■ The data
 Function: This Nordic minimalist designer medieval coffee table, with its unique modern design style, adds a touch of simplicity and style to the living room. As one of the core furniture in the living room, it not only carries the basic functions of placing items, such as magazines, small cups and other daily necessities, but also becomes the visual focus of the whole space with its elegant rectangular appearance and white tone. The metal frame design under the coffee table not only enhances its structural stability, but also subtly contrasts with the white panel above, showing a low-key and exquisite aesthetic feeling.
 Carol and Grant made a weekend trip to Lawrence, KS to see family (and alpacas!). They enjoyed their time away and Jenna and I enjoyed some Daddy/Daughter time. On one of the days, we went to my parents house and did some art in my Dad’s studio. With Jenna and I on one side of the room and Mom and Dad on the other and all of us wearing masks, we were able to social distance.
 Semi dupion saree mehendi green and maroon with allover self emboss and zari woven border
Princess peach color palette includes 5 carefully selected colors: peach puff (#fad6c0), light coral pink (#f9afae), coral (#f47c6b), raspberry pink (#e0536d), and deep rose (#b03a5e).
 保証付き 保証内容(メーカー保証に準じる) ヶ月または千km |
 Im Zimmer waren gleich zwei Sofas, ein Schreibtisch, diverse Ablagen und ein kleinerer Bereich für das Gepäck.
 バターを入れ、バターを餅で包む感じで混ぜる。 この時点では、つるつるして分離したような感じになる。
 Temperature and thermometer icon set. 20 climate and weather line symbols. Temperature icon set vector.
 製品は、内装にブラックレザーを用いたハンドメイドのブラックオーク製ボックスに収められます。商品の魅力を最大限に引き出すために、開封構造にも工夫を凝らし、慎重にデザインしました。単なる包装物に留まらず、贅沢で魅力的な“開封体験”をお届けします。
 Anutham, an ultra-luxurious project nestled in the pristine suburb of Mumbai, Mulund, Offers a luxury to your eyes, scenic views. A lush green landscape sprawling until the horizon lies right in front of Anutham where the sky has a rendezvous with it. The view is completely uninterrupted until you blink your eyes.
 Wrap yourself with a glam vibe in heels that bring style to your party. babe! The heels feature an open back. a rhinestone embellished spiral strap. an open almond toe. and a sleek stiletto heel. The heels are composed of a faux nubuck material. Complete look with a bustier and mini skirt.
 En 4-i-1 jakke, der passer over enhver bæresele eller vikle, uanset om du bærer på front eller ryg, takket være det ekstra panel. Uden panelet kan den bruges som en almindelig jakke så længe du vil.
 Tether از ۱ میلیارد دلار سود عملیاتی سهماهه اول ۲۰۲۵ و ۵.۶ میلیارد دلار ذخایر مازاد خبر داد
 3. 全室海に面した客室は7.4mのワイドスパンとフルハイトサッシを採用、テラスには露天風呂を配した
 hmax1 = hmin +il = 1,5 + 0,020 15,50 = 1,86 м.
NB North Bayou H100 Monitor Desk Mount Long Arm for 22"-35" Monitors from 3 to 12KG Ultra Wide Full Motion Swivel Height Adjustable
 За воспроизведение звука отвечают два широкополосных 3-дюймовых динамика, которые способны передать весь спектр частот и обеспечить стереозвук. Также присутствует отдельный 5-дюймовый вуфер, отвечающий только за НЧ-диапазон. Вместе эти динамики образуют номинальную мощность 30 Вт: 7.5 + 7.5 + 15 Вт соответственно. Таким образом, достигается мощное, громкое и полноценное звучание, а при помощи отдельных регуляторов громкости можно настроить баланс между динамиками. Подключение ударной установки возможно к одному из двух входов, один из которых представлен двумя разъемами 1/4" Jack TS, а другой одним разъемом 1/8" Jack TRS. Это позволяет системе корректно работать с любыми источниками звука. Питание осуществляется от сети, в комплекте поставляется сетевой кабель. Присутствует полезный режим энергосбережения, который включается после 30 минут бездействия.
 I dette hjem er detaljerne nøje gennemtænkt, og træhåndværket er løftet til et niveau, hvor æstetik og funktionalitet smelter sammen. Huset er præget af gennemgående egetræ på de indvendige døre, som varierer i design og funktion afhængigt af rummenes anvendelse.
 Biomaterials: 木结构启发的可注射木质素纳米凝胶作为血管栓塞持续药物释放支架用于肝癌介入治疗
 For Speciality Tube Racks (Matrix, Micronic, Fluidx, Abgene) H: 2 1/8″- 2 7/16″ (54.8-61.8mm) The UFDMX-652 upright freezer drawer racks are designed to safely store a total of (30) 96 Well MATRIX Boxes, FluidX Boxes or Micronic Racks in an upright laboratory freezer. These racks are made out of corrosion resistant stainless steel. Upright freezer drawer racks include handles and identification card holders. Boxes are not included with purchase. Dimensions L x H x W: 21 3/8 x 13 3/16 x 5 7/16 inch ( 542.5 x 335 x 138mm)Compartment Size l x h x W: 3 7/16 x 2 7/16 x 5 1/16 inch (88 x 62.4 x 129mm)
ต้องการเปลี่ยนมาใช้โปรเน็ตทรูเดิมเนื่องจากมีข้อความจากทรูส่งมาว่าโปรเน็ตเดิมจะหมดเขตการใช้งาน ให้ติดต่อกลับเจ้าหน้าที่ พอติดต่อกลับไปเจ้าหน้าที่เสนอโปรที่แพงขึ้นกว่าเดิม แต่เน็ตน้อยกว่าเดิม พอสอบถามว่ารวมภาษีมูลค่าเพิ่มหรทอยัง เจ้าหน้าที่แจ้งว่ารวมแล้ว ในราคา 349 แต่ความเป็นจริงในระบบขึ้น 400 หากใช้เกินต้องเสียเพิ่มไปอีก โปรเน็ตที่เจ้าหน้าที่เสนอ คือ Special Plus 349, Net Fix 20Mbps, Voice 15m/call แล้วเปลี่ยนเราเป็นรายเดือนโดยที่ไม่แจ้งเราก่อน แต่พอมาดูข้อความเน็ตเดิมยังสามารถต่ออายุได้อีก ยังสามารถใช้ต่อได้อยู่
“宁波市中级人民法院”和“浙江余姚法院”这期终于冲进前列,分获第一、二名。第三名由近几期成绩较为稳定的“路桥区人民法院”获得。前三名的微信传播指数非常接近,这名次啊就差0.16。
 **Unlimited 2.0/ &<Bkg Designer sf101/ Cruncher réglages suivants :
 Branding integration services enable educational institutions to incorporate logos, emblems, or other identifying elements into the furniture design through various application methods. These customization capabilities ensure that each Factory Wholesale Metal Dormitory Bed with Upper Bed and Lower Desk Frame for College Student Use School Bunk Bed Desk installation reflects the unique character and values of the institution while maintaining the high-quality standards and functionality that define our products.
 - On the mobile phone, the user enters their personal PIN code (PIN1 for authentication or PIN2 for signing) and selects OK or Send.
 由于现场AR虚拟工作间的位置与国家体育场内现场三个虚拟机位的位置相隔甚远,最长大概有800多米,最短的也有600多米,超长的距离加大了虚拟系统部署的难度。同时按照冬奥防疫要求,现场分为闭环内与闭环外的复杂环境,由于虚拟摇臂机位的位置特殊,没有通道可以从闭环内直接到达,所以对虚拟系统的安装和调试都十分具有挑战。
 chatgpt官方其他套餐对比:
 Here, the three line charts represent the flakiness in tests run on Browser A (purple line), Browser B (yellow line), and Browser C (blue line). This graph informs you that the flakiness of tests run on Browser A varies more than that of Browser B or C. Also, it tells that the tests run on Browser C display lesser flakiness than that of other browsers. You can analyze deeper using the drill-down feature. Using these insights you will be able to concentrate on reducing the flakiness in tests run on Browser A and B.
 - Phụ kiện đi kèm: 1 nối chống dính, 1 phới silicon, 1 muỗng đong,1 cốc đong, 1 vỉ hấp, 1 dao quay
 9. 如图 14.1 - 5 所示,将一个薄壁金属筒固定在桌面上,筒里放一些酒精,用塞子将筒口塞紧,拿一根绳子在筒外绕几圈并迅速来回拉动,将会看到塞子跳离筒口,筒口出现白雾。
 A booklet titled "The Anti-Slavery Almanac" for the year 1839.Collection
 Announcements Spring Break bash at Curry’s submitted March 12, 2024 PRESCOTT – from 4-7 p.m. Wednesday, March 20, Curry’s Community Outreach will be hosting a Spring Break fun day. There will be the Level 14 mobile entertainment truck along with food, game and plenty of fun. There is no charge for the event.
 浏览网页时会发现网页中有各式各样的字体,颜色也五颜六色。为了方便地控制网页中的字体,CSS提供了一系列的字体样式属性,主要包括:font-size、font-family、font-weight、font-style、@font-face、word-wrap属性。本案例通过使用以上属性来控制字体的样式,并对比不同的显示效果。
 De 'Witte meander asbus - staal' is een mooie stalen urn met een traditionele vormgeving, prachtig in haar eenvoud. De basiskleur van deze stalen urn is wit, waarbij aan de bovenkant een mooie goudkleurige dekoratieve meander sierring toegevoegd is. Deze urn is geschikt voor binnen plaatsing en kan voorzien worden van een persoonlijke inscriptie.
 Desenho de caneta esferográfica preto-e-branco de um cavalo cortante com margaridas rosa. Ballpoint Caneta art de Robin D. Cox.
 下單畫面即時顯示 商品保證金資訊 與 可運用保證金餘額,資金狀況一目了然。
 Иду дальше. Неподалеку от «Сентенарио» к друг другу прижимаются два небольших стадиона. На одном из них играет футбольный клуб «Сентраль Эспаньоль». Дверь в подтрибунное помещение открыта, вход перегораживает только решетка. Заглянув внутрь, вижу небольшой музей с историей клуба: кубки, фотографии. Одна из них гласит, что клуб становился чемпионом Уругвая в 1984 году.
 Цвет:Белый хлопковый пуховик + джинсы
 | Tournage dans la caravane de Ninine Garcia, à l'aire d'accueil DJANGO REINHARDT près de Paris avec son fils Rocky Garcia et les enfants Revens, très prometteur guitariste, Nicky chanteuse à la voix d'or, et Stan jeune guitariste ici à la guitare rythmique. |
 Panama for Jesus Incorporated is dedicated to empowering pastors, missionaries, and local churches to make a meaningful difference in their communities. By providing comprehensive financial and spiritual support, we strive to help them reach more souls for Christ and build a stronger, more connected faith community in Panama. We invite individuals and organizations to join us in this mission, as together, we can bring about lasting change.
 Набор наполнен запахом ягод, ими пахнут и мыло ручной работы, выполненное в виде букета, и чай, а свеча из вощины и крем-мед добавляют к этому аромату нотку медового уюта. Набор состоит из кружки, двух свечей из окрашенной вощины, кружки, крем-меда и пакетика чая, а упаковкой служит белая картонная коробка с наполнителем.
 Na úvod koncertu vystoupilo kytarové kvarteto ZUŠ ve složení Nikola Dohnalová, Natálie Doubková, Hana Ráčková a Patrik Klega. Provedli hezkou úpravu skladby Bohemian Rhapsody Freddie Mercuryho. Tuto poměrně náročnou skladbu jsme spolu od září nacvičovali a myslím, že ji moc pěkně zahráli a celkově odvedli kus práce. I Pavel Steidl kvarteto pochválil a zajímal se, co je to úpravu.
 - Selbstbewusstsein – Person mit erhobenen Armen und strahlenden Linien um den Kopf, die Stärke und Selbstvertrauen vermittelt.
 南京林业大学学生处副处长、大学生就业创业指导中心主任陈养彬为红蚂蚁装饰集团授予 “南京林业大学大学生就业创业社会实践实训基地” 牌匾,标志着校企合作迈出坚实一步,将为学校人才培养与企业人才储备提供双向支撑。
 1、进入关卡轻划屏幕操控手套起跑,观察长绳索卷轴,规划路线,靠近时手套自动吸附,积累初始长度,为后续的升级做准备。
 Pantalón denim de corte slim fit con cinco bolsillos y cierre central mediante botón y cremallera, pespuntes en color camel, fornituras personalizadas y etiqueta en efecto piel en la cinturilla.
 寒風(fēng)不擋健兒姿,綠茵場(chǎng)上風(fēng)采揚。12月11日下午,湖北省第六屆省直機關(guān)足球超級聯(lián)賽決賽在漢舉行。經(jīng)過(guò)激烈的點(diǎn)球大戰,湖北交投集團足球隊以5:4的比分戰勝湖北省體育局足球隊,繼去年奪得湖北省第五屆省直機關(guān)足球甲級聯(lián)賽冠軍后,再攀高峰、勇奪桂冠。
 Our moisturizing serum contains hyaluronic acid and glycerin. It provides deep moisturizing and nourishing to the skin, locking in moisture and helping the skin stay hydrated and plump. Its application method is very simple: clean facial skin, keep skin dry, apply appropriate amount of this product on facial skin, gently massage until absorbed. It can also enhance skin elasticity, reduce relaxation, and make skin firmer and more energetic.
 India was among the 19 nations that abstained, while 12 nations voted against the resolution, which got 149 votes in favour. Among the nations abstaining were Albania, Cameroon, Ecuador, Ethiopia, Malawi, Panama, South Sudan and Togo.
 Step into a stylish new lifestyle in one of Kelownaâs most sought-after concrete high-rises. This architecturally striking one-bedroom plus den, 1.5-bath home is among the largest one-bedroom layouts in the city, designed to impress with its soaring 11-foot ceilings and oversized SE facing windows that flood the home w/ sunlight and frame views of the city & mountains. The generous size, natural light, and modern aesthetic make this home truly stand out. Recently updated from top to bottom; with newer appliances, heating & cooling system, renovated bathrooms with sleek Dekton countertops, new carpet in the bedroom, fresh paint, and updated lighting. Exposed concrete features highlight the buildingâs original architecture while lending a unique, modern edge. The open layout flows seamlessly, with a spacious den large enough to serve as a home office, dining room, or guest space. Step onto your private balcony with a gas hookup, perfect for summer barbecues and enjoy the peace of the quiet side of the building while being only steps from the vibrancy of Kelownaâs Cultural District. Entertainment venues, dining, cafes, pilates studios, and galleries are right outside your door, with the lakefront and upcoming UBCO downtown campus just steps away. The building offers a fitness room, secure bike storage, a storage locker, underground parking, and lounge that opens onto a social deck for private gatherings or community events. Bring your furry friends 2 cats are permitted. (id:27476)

■ About this task
In the listing above, count every line that contains the word "color" and give the number with no comment.

■ Task answer
2